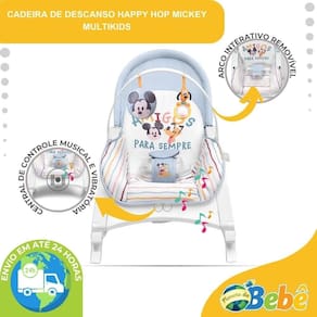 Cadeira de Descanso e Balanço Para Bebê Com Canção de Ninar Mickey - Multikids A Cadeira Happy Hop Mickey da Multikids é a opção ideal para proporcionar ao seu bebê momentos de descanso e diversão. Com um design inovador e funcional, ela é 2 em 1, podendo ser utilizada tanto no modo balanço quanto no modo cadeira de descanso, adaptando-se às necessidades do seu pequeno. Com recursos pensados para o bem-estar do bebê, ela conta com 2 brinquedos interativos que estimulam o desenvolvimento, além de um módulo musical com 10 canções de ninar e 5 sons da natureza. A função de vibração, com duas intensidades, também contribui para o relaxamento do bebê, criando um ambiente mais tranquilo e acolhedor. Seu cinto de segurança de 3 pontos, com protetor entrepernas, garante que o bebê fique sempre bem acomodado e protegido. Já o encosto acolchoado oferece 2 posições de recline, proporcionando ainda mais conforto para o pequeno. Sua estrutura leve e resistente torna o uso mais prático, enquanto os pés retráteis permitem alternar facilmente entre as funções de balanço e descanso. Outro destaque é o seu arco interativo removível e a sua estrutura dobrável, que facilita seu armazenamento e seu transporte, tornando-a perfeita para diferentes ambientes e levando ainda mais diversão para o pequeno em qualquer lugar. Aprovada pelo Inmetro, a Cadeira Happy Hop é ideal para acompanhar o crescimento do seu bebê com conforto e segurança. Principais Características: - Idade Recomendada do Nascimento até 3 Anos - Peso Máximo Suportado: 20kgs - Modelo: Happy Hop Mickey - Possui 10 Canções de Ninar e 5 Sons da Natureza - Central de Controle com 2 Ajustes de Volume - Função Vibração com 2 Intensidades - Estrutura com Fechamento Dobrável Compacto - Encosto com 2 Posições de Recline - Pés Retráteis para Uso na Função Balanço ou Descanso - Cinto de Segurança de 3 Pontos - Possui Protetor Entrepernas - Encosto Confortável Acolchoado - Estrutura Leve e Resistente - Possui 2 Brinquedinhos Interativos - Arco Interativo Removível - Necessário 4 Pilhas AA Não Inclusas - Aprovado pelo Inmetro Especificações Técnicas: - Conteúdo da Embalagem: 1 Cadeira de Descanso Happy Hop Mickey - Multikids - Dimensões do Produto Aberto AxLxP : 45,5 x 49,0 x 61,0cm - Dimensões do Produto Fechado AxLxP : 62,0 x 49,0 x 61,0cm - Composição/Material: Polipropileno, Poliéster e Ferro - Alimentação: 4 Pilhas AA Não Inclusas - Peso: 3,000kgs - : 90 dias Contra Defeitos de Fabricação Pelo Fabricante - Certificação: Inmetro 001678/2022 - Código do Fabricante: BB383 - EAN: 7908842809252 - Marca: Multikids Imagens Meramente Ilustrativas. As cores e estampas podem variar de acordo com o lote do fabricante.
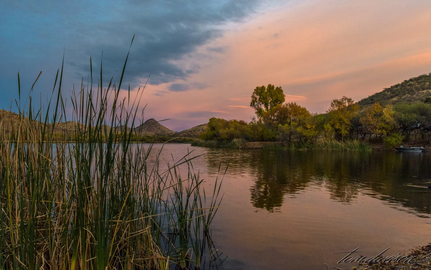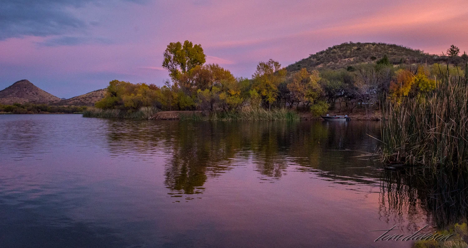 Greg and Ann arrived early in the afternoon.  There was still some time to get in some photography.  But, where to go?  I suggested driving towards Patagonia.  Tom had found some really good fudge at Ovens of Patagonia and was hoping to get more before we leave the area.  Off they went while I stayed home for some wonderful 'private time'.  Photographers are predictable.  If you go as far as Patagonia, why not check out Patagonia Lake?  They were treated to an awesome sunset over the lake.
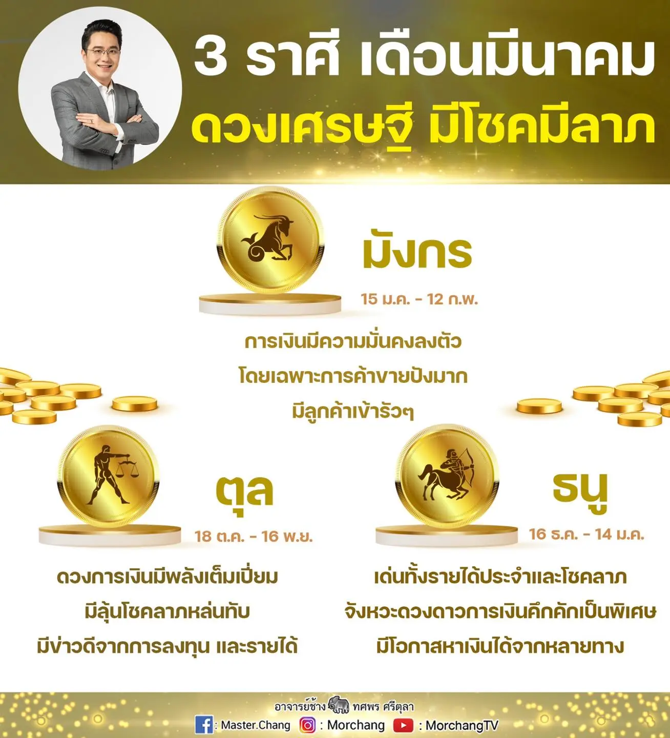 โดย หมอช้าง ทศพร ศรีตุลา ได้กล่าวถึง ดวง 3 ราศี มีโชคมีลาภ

THE TASK
Everything in the listing is to be returned word for word, except the pictures.

ANSWER SECTION
 Cadeira de Descanso e Balanço Para Bebê Com Canção de Ninar Mickey - Multikids A Cadeira Happy Hop Mickey da Multikids é a opção ideal para proporcionar ao seu bebê momentos de descanso e diversão. Com um design inovador e funcional, ela é 2 em 1, podendo ser utilizada tanto no modo balanço quanto no modo cadeira de descanso, adaptando-se às necessidades do seu pequeno. Com recursos pensados para o bem-estar do bebê, ela conta com 2 brinquedos interativos que estimulam o desenvolvimento, além de um módulo musical com 10 canções de ninar e 5 sons da natureza. A função de vibração, com duas intensidades, também contribui para o relaxamento do bebê, criando um ambiente mais tranquilo e acolhedor. Seu cinto de segurança de 3 pontos, com protetor entrepernas, garante que o bebê fique sempre bem acomodado e protegido. Já o encosto acolchoado oferece 2 posições de recline, proporcionando ainda mais conforto para o pequeno. Sua estrutura leve e resistente torna o uso mais prático, enquanto os pés retráteis permitem alternar facilmente entre as funções de balanço e descanso. Outro destaque é o seu arco interativo removível e a sua estrutura dobrável, que facilita seu armazenamento e seu transporte, tornando-a perfeita para diferentes ambientes e levando ainda mais diversão para o pequeno em qualquer lugar. Aprovada pelo Inmetro, a Cadeira Happy Hop é ideal para acompanhar o crescimento do seu bebê com conforto e segurança. Principais Características: - Idade Recomendada do Nascimento até 3 Anos - Peso Máximo Suportado: 20kgs - Modelo: Happy Hop Mickey - Possui 10 Canções de Ninar e 5 Sons da Natureza - Central de Controle com 2 Ajustes de Volume - Função Vibração com 2 Intensidades - Estrutura com Fechamento Dobrável Compacto - Encosto com 2 Posições de Recline - Pés Retráteis para Uso na Função Balanço ou Descanso - Cinto de Segurança de 3 Pontos - Possui Protetor Entrepernas - Encosto Confortável Acolchoado - Estrutura Leve e Resistente - Possui 2 Brinquedinhos Interativos - Arco Interativo Removível - Necessário 4 Pilhas AA Não Inclusas - Aprovado pelo Inmetro Especificações Técnicas: - Conteúdo da Embalagem: 1 Cadeira de Descanso Happy Hop Mickey - Multikids - Dimensões do Produto Aberto AxLxP : 45,5 x 49,0 x 61,0cm - Dimensões do Produto Fechado AxLxP : 62,0 x 49,0 x 61,0cm - Composição/Material: Polipropileno, Poliéster e Ferro - Alimentação: 4 Pilhas AA Não Inclusas - Peso: 3,000kgs - : 90 dias Contra Defeitos de Fabricação Pelo Fabricante - Certificação: Inmetro 001678/2022 - Código do Fabricante: BB383 - EAN: 7908842809252 - Marca: Multikids Imagens Meramente Ilustrativas. As cores e estampas podem variar de acordo com o lote do fabricante.
 Greg and Ann arrived early in the afternoon.  There was still some time to get in some photography.  But, where to go?  I suggested driving towards Patagonia.  Tom had found some really good fudge at Ovens of Patagonia and was hoping to get more before we leave the area.  Off they went while I stayed home for some wonderful 'private time'.  Photographers are predictable.  If you go as far as Patagonia, why not check out Patagonia Lake?  They were treated to an awesome sunset over the lake.
 โดย หมอช้าง ทศพร ศรีตุลา ได้กล่าวถึง ดวง 3 ราศี มีโชคมีลาภ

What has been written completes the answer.